Work instruction: Using the data below, output a verbatim copy of the lines between the one holding "9297至尊品牌游戏官方网站" and the one holding "14th Birthday: Pink", inclusive, without any pictures.

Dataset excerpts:
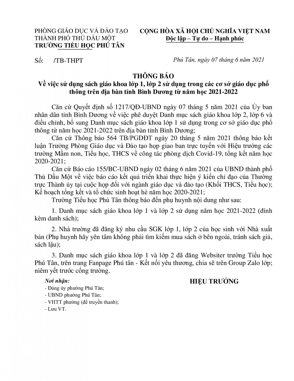 THÔNG BÁO ĐIỀU CHỈNH ĐỊA ĐIỂM TUYỂN SINH LỚP 1 NĂM HỌC 2021-2022
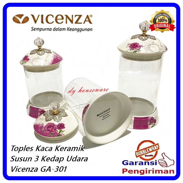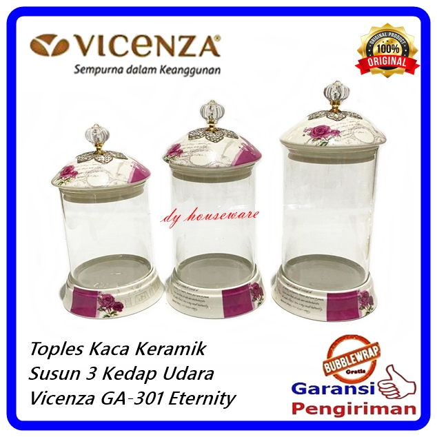 Toples Kaca Keramik 3 Tingkat Toples Permen 3 Susun Candy Jar Vicenza Original Ga-301
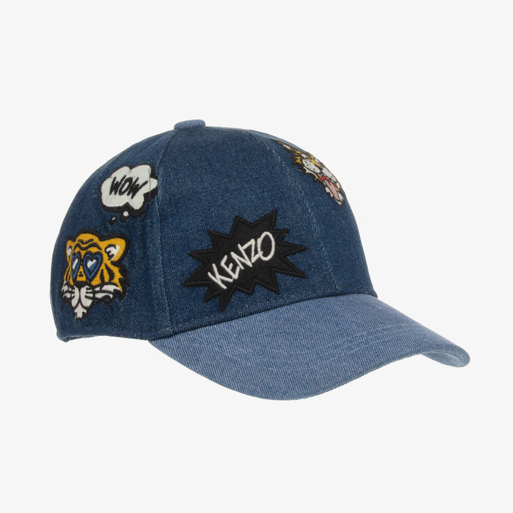 Super cool, this blue cap for boys and girls is by KENZO KIDS. Made from smooth cotton denim with a lightweight cotton lining, it is embroidered with iconic Tiger logo designs for a fun designer look. Complete with a structured peak, it has a tonal logo stitched on the back velcro strap fastening for an added branded touch.
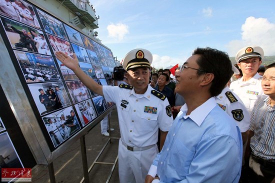 6月16日,在塞舌尔维多利亚港,第十四批护航编队指挥员袁誉柏少将向前来欢迎的民众介绍编队的相关情况。新华社记者饶饶摄
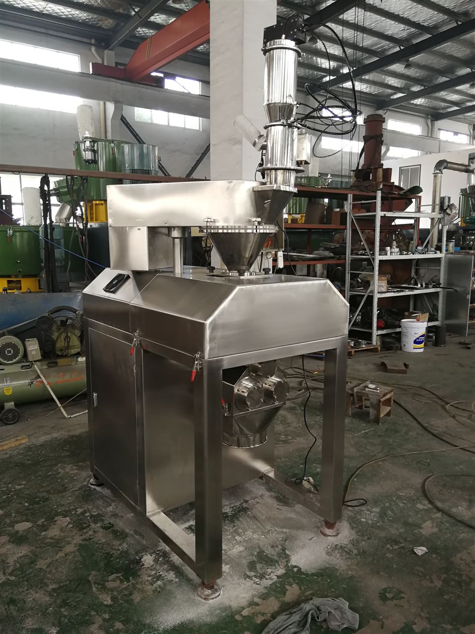 9297至尊品牌游戏官方网站生產用幹法製粒设备 幹法造粒设备該设备廣泛適用於大型製藥廠,食物廠,化工廠生產使用,需1350克左右的幹粉,並得到所需要的块状,块状大小可調,能適用不同的要求,成物率高、自動化程度高、使用方便、通用性好等特點,可根據客戶需要在壓輪處增加水冷裝置。
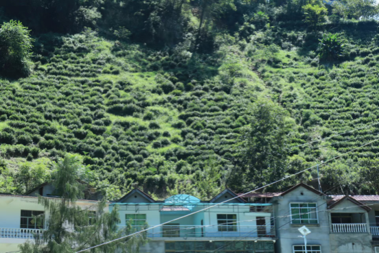 第一站,紫阳县富硒茶观光园营梁村。如果说茶是紫阳的精气神,那么茶山就是营梁村的灵魂,营梁村最为出名的就是几百亩的茶园,“自昔关南春独早,清明已煮紫阳茶”。每年清明前后,迎来了茶田收获的最佳时节。在营梁村,团队成员来到了紫阳县茶树源茶业有限公司,通过与杨老板的交谈,同学们了解到茶业的繁荣发展给当地农户带来了工作机会和收入,将茶产业发展成当地的一大亮点,成为远近闻名,老少皆知的紫阳最纯种陕南第一基地。紫阳茶文化历史悠久,最早可追溯到西周时期。大自然赋予了紫阳山水以灵气,紫阳人传承了紫阳茶的兴盛和发展,也传承了紫阳茶文化的更大发展。紫阳茶伴随紫阳人走了半个世纪的辉煌,本地的各级党委、政府十分注重紫阳茶的发展壮大,国家也对紫阳茶生产给予了投资和许多支持,在农户们的不懈努力下,紫阳茶业已经占据了农村经济增长的主导地位,产量规模挤进了全省前列,成为了农民增收的领军产业。
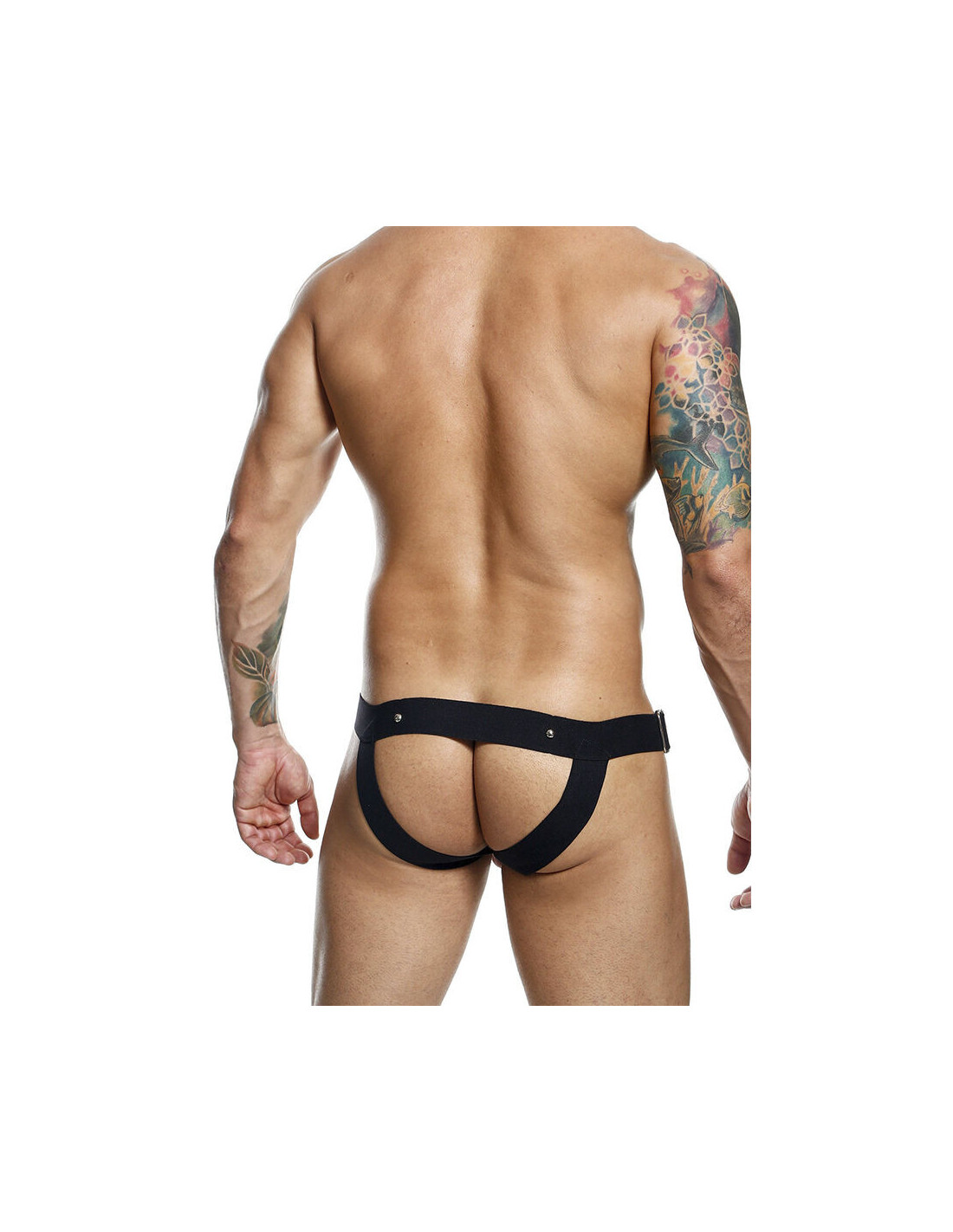 This high-quality Cockring Jockstrap boasts wide straps to the front that sit at the hips and provide a comfortable fit. Metal studs add that extra dose of interest, whilst an open buttocks offers a unique look. You could even wear it as underwear for that seamless look beneath tight clothing.
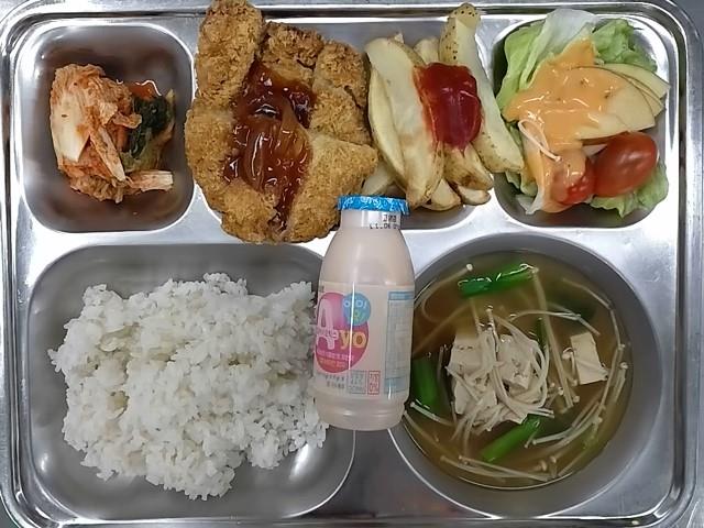 중식: 현미찹쌀밥, 미소된장국, 등심치즈돈까스, 반달감자, 사과양상추샐러드, 배추김치, 요구르트
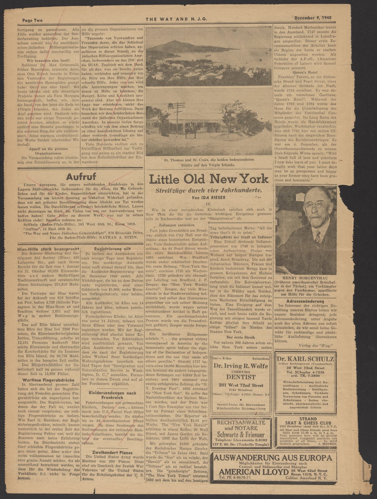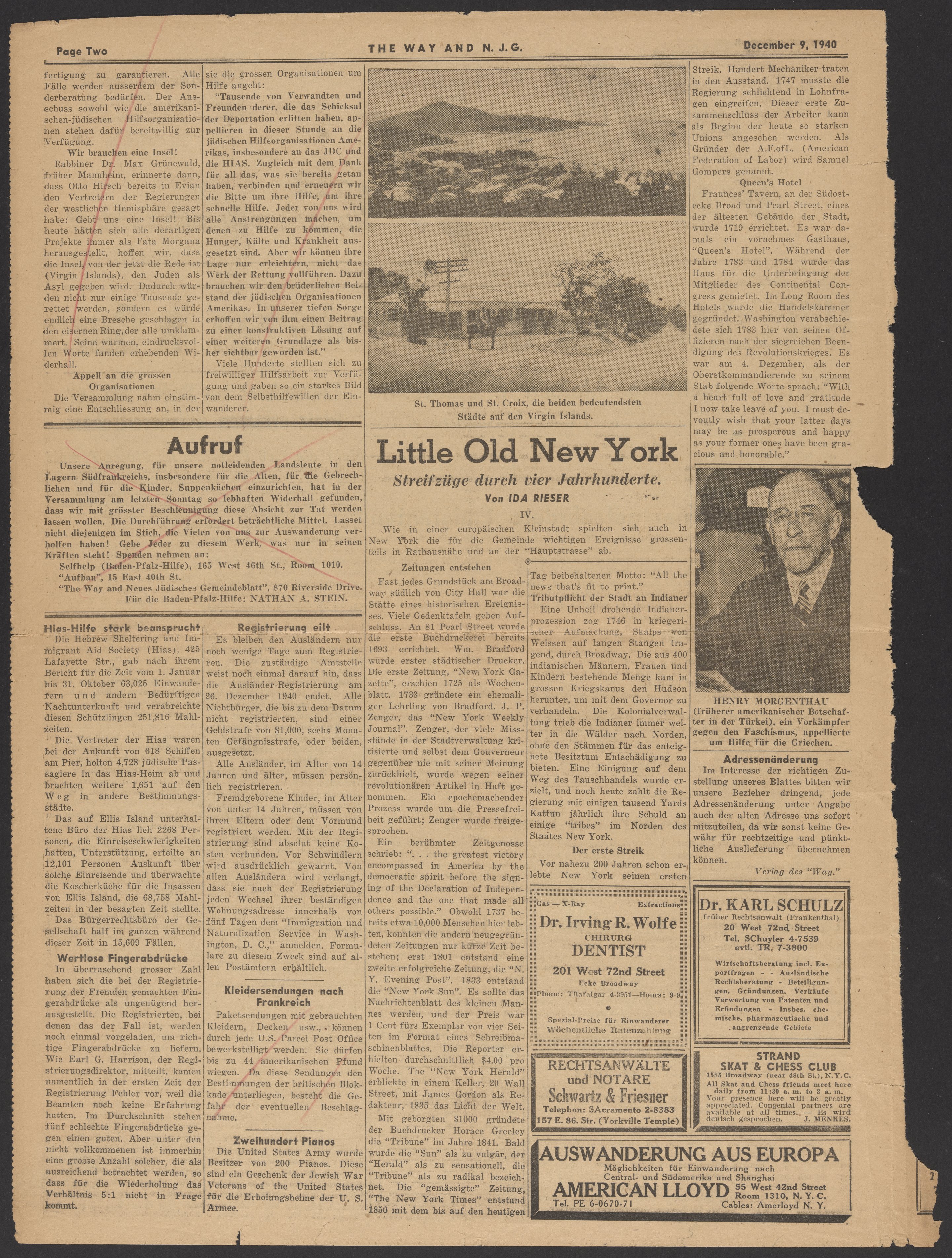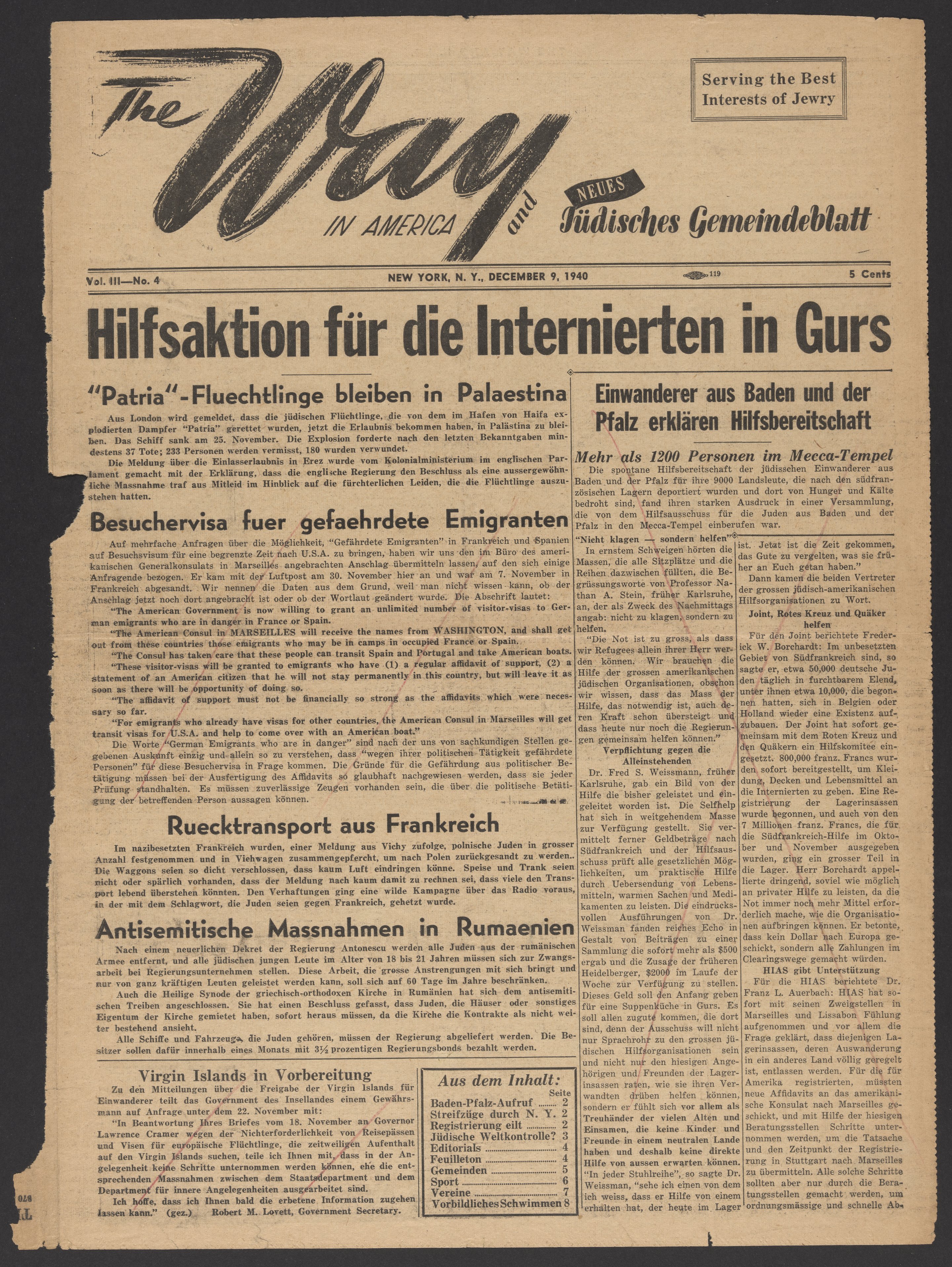 Page one and two of The Way in America and Neues Jüdisches Gemeindeblatt, Volume III, No. 4, published on December 9, 1940.
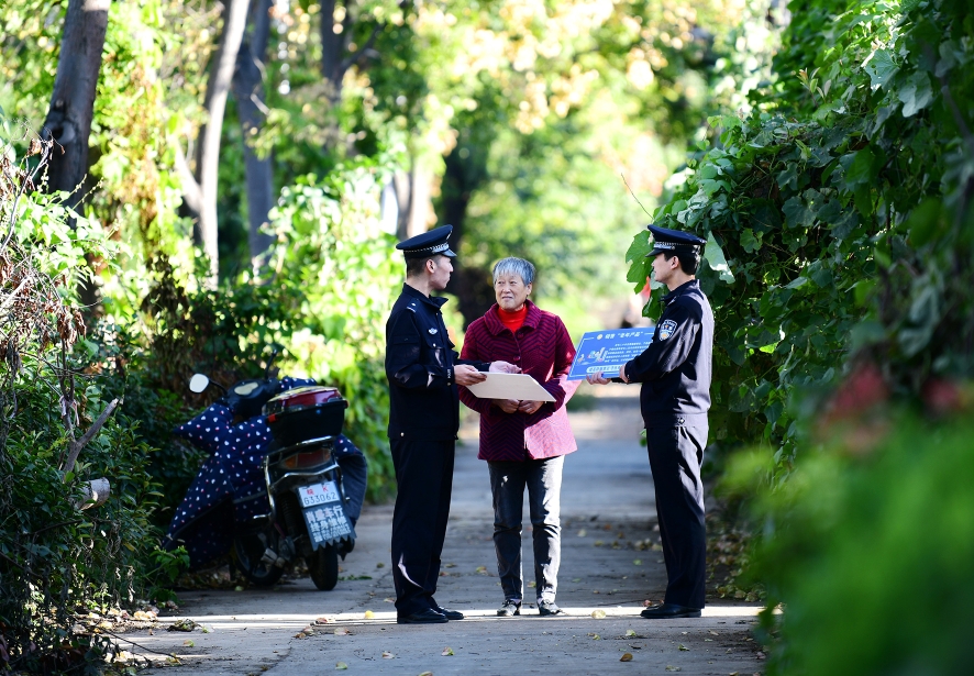 10月9日,安徽省阜南縣公安局城西派出所民警在轄區(qū)一居民家門(mén)口宣講防范網(wǎng)絡(luò)電信詐騙和養(yǎng)老詐騙常識(shí)。
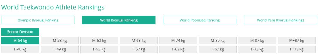 WT积分排名分为奥运积分排名及世界积分排名,每个月都会更新变动。
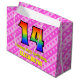 14th Birthday: Pink Stripes & Hearts, Rainbow # 14 Large Gift Bag
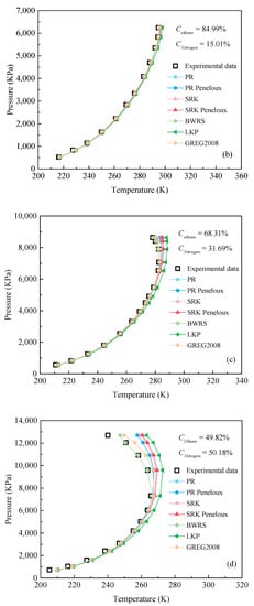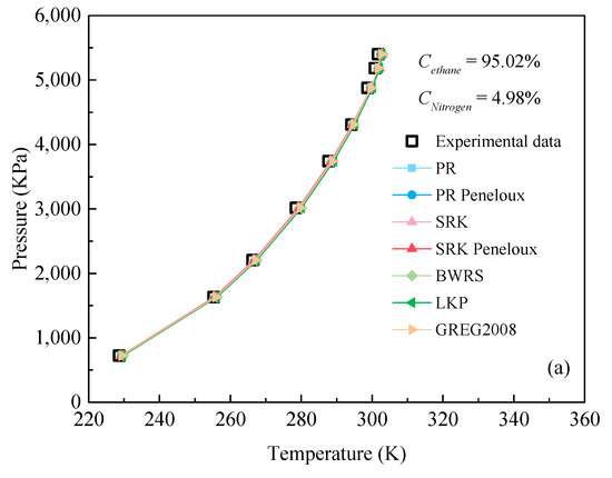Figure 3 shows the comparison of dew point of C2H6-N2 mixture between experimental data and calculation results by different EOSs under different working conditions (pressure: 0.52~13.01 MPa, temperature 192.52~301.7 K). Obviously, all the predicted values of all EOSs almost coincide with the corresponding experimental data when the concentration of ethane is higher than 84%, as shown in Figure 3a,b. However, with the continuous decrease of ethane concentration (ranging from 49.82% to 84.99%), some deviations between the predicted values of the EOSs and the experimental data began to appear, and the smaller the concentration of ethane, the greater the deviation, as shown in Figure 3c,d. However, when the concentration of ethane is lower 49.82%, the deviation between the predicted value and the experimental value of the equation of state begins to decrease. In addition, it also can be found from Figure 3 that BWRS EOS can accurately predict the dew point value of C2H6-N2 mixture for all ethane and N2 mixed ratios.

Answer to this problem:
 9297至尊品牌游戏官方网站生產用幹法製粒设备 幹法造粒设备該设备廣泛適用於大型製藥廠,食物廠,化工廠生產使用,需1350克左右的幹粉,並得到所需要的块状,块状大小可調,能適用不同的要求,成物率高、自動化程度高、使用方便、通用性好等特點,可根據客戶需要在壓輪處增加水冷裝置。
 第一站,紫阳县富硒茶观光园营梁村。如果说茶是紫阳的精气神,那么茶山就是营梁村的灵魂,营梁村最为出名的就是几百亩的茶园,“自昔关南春独早,清明已煮紫阳茶”。每年清明前后,迎来了茶田收获的最佳时节。在营梁村,团队成员来到了紫阳县茶树源茶业有限公司,通过与杨老板的交谈,同学们了解到茶业的繁荣发展给当地农户带来了工作机会和收入,将茶产业发展成当地的一大亮点,成为远近闻名,老少皆知的紫阳最纯种陕南第一基地。紫阳茶文化历史悠久,最早可追溯到西周时期。大自然赋予了紫阳山水以灵气,紫阳人传承了紫阳茶的兴盛和发展,也传承了紫阳茶文化的更大发展。紫阳茶伴随紫阳人走了半个世纪的辉煌,本地的各级党委、政府十分注重紫阳茶的发展壮大,国家也对紫阳茶生产给予了投资和许多支持,在农户们的不懈努力下,紫阳茶业已经占据了农村经济增长的主导地位,产量规模挤进了全省前列,成为了农民增收的领军产业。
 This high-quality Cockring Jockstrap boasts wide straps to the front that sit at the hips and provide a comfortable fit. Metal studs add that extra dose of interest, whilst an open buttocks offers a unique look. You could even wear it as underwear for that seamless look beneath tight clothing.
 중식: 현미찹쌀밥, 미소된장국, 등심치즈돈까스, 반달감자, 사과양상추샐러드, 배추김치, 요구르트
 Page one and two of The Way in America and Neues Jüdisches Gemeindeblatt, Volume III, No. 4, published on December 9, 1940.
 10月9日,安徽省阜南縣公安局城西派出所民警在轄區(qū)一居民家門(mén)口宣講防范網(wǎng)絡(luò)電信詐騙和養(yǎng)老詐騙常識(shí)。
 WT积分排名分为奥运积分排名及世界积分排名,每个月都会更新变动。
 14th Birthday: Pink Stripes & Hearts, Rainbow # 14 Large Gift Bag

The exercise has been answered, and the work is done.